All of the listing below must be repeated word for word. Pictures are the only thing to omit.

**Provided material**:
/---

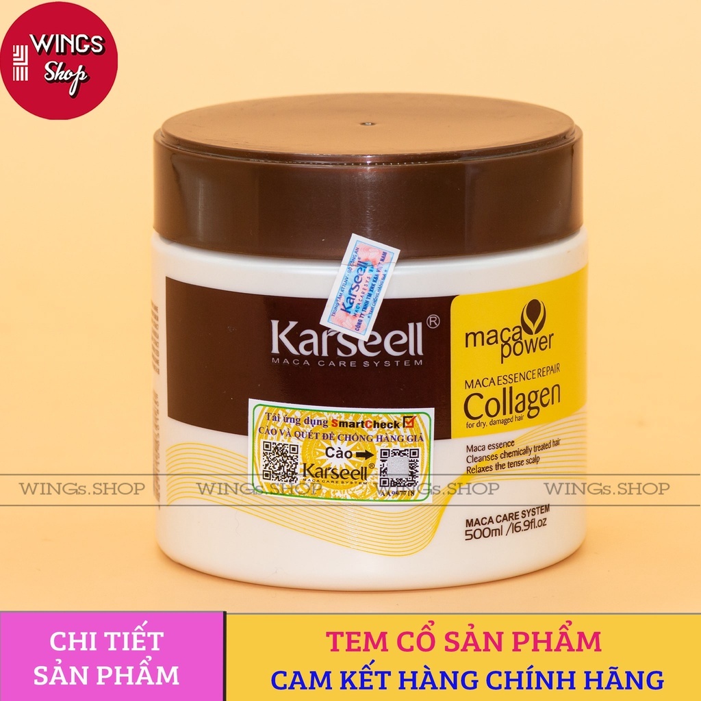 Kem Hấp Tóc, Ủ Tóc Collagen Karseell Phục Hồi Chuyên Sâu, Giúp Tóc Siêu Mềm Mượt 500ml, Wings Shop
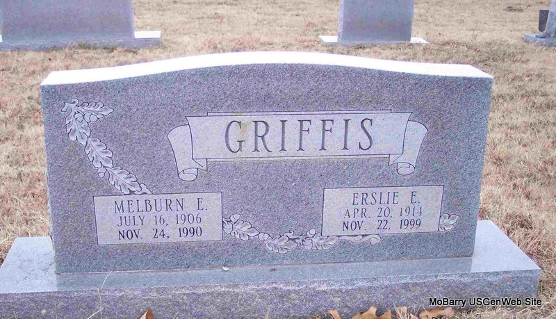 SSW: Melburn E. - Research Note: Daughter of William and Dora (Dolin) Green. She moved to Cassville in 1947 and to Washburn in 1991. She married M. E. "Meb" Griffis on December 20, 1929, in Madison, West Virginia, and he preceded her in death on November 24, 1990. She was preceded in death by one son, Melburn Griffis; two infant daughters, Ina and Marjorie; six brothers, Don Green, Silmer Green, Aubrey Green, Rosary Green, Leslie Green, and Edgar Green; and two sisters, Mary Griffis and Vertie Patterson. | Monett Times Nov. 23, 1999 Mary Homesley Photo Diana Cope |
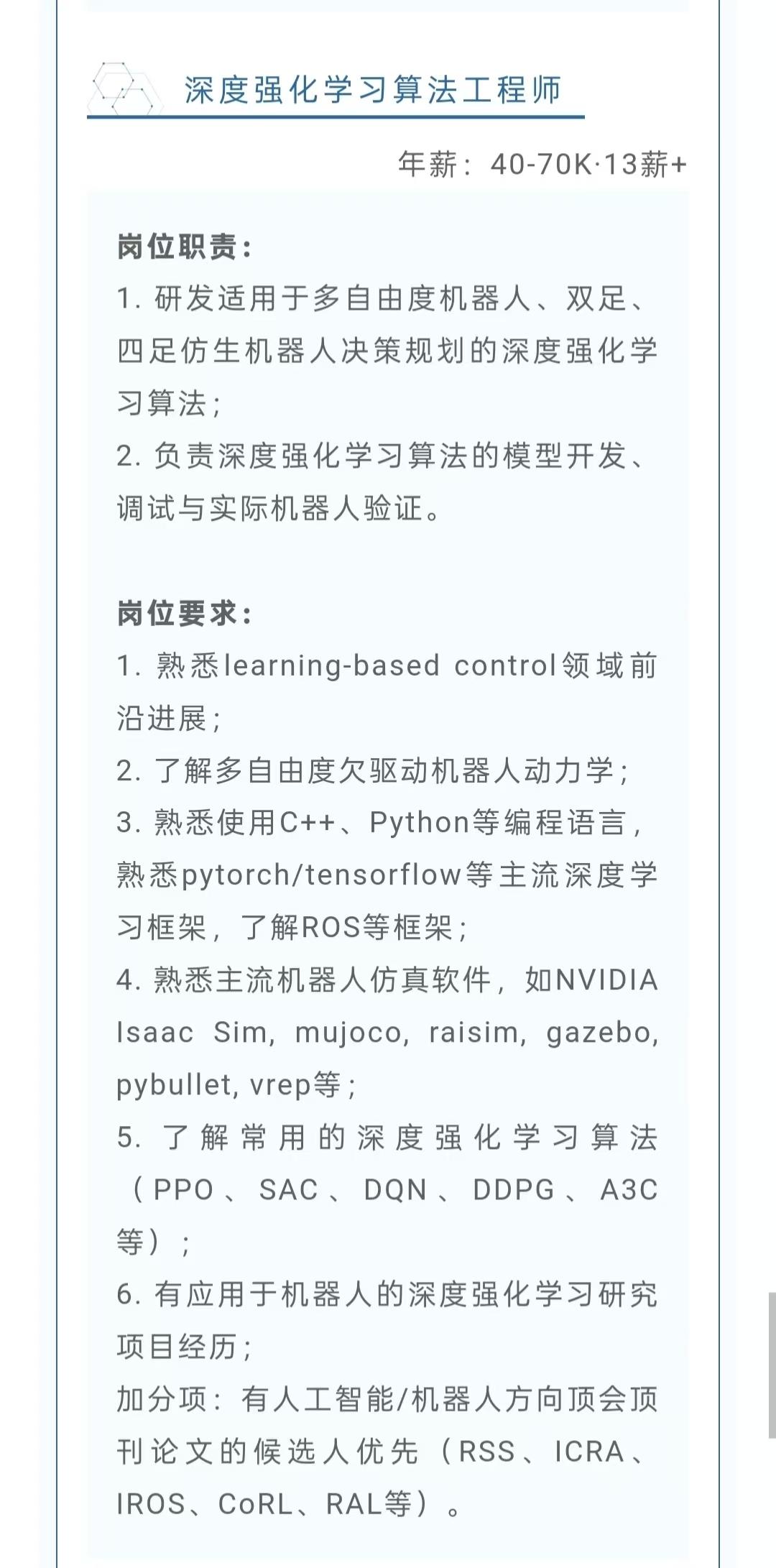 2月10日,据杭州市滨江区委宣传部官号“滨江发布”消息,宇树科技正广纳贤才。具体来看,宇树科技正在招聘机械结构工程师、嵌入式软件工程师、嵌入式硬件工程师、生成式AI算法工程师、深度强化学习算法工程师、机器人感知算法工程师等多个岗位。其中,薪酬最高的岗位为深度强化学习算法工程师和生成式AI算法工程师,这两个岗位的月薪范围均为4万元~7万元,按13薪+来计算,该岗位年薪最高将超过90万元。

\---

**The answer**:
 Kem Hấp Tóc, Ủ Tóc Collagen Karseell Phục Hồi Chuyên Sâu, Giúp Tóc Siêu Mềm Mượt 500ml, Wings Shop
 SSW: Melburn E. - Research Note: Daughter of William and Dora (Dolin) Green. She moved to Cassville in 1947 and to Washburn in 1991. She married M. E. "Meb" Griffis on December 20, 1929, in Madison, West Virginia, and he preceded her in death on November 24, 1990. She was preceded in death by one son, Melburn Griffis; two infant daughters, Ina and Marjorie; six brothers, Don Green, Silmer Green, Aubrey Green, Rosary Green, Leslie Green, and Edgar Green; and two sisters, Mary Griffis and Vertie Patterson. | Monett Times Nov. 23, 1999 Mary Homesley Photo Diana Cope |
 2月10日,据杭州市滨江区委宣传部官号“滨江发布”消息,宇树科技正广纳贤才。具体来看,宇树科技正在招聘机械结构工程师、嵌入式软件工程师、嵌入式硬件工程师、生成式AI算法工程师、深度强化学习算法工程师、机器人感知算法工程师等多个岗位。其中,薪酬最高的岗位为深度强化学习算法工程师和生成式AI算法工程师,这两个岗位的月薪范围均为4万元~7万元,按13薪+来计算,该岗位年薪最高将超过90万元。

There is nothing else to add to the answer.